Tuesday, July 10, 2012

Still Processing

Lake Balaton, Hungary


Words do not even begin to describe the emotions I have felt over the past week.  On June 30, I and a team of 17 others left Indianapolis, Indiana and headed for Budapest, Hungary.  We were headed there to put on a week long camp for Hungarian children living in homes.  Some might call them orphans, but in reality many of these children have parents.  The sad thing is that the living conditions of the home were better than the place the children had lived with their parents.

I had not originally planned to go on this trip, but through a series of events it was necessary that I go.  I knew going into this that my heart would be stripped from my chest, beaten, bruised and returned more raw than ever before.  I knew that my life would be forever changed.

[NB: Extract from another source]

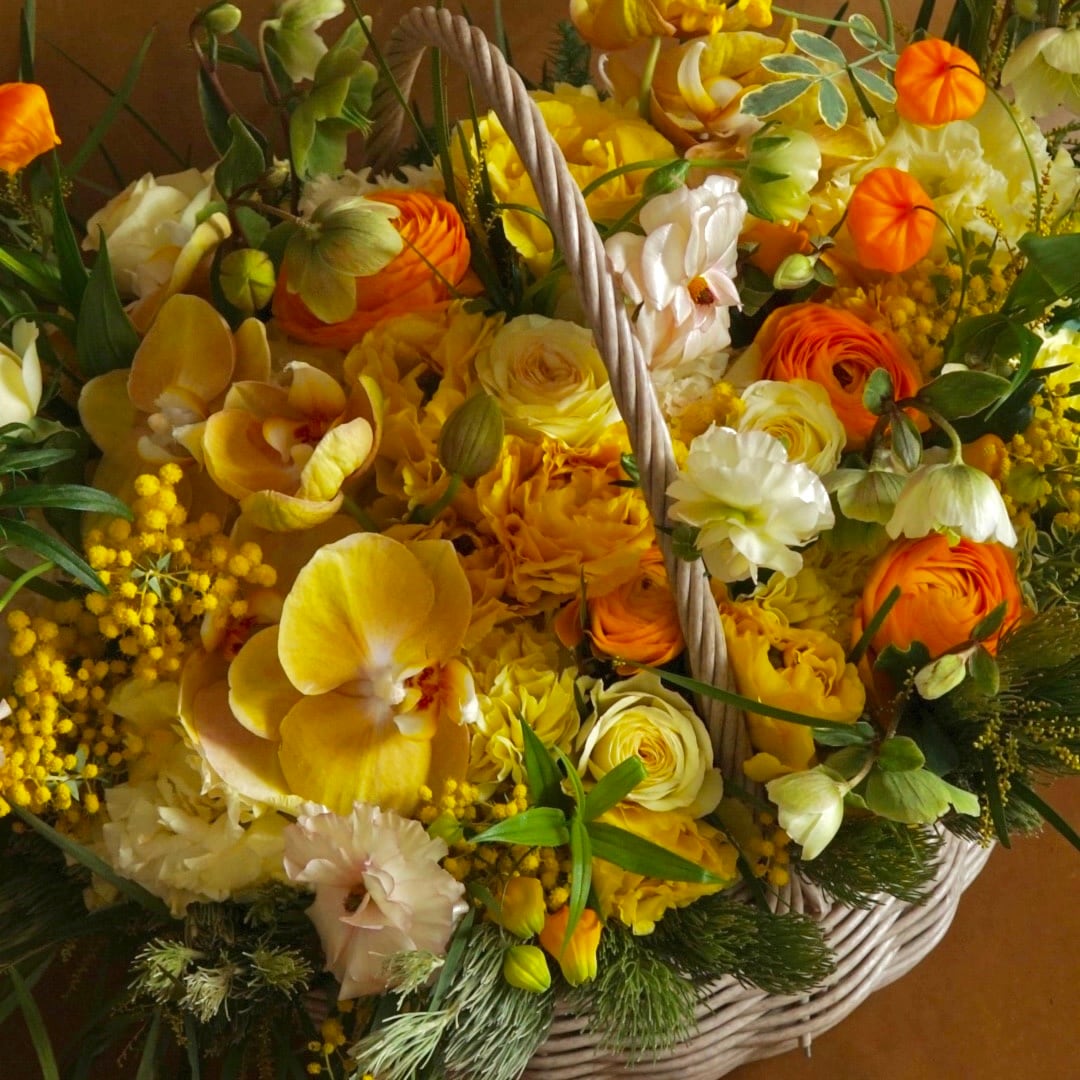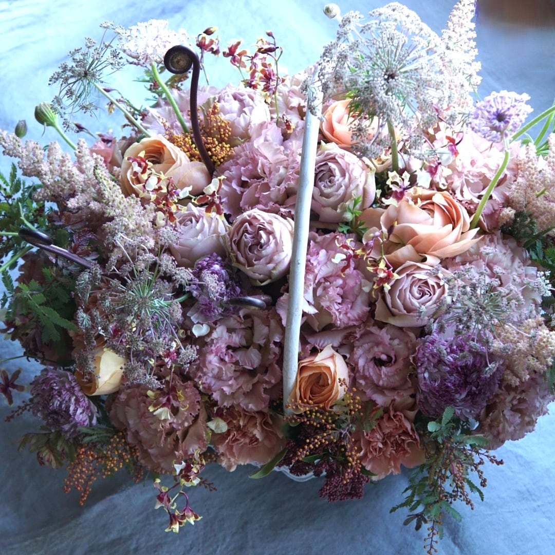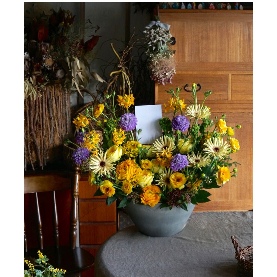 花材はその時の旬なお花でアレンジいたしますので、お写真との相違はご了承くださいますようお願いいたします

If you have followed my blog for any length of time, you know my heart for children.  You know that I want nothing more than to have a whole houseful and you know that God has not granted that desire.  You know that we are in the process of an adoption that is not moving forward and you realize that I have not blogged because my heart hurts so much I feel that it will never heal.  Over time, I have been asked if I will continue to love the Lord even if He chooses not to give me anymore children.  He has blessed me with the most amazing little boy and while it is hard to listen to Trent ask God to bring his brother and sister to us every time he prays, I can say in my heart that I will continue to bless His name.

Over the next few days, I hope to process all that I saw, heard and felt.  I hope to share some of these things with you.  I truly believe that this is still part of the journey that God has led us on and He is faithful to finish the work He began.